Todos os manuais que serão utilizados para fazer análises nutricionais dos alimentos os
quais podemos citar: Tabela de Composição de Alimentos - TACO/ Unicamp; Tabela
Brasileira de Composição de Alimentos - TBCA / USP, entre outras são baseados em
bromatologia. 

A bromatologia é a ciência básica para poder elaborar o cardápio dos pacientes. Um

exemplo dado pelo professor em sala de aula: “um paciente diabético que precisa
aumentar o teor de fibra. Como é possível saber qual alimento com mais ou menos
fibra?”. Através destes manuais é possível saber e recomendar uma dieta mais
direcionada aquela dada situação.

Nesta aula prática foram demonstradas as principais técnicas em laboratório de

bromatologia iniciado pela prática de quarteamento de alimento seguidos pelo conceito
e técnicas de umidade, cinzas, lipídeos e proteína. Foi possível, desta forma, relacionar a
teoria com a prática visto que houve experimentação de parte dos processos. 

Roteiro 1 (aula 1)

Conceito de Quarteamento - Obtenção de amostras homogêneas. 

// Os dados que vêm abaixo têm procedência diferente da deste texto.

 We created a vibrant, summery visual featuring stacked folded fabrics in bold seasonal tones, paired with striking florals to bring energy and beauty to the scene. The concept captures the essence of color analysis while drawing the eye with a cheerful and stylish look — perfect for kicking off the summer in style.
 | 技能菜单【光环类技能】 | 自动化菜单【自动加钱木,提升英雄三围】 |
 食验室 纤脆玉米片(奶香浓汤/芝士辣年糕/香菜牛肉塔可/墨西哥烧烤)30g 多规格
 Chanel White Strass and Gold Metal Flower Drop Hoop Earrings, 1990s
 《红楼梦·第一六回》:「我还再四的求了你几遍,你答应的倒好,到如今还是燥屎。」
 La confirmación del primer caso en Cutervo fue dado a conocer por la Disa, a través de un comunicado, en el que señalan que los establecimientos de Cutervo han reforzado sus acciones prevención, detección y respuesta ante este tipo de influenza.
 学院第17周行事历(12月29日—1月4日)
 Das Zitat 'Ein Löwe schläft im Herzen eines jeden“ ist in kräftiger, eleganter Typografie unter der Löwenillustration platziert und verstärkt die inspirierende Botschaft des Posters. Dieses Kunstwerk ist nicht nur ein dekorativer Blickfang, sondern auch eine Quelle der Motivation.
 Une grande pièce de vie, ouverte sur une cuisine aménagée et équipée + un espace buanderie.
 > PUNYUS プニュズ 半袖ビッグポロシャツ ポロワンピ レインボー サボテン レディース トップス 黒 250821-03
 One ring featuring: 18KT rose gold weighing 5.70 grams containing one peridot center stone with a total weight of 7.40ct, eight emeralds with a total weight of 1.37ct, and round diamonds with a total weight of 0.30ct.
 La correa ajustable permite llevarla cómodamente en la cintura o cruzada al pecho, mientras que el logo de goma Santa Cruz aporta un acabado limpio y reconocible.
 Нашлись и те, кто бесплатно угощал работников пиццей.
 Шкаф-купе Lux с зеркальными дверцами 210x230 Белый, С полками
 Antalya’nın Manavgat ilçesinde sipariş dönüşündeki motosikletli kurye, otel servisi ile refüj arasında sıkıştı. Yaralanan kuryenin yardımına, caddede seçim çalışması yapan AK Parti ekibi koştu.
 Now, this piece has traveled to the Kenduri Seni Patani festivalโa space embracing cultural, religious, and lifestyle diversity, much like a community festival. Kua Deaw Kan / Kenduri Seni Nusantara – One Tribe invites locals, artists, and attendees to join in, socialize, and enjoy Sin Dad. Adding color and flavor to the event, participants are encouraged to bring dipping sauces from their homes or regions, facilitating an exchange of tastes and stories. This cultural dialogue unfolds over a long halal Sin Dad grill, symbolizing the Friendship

Uso Laboratório, terminologias e balança analítica:

A primeira orientação dada foi em relação a forma de como se trabalha em laboratório a

fim de obter os melhores resultados possíveis. O trabalho de ser feito sentado em uma
cadeira de forma confortável, com as janelas fechadas, poucas pessoas circulando,
cabelo com touca para evitar que ou o vento, fio de cabelo ou atenção a outra pessoa
atrapalhe o trabalho.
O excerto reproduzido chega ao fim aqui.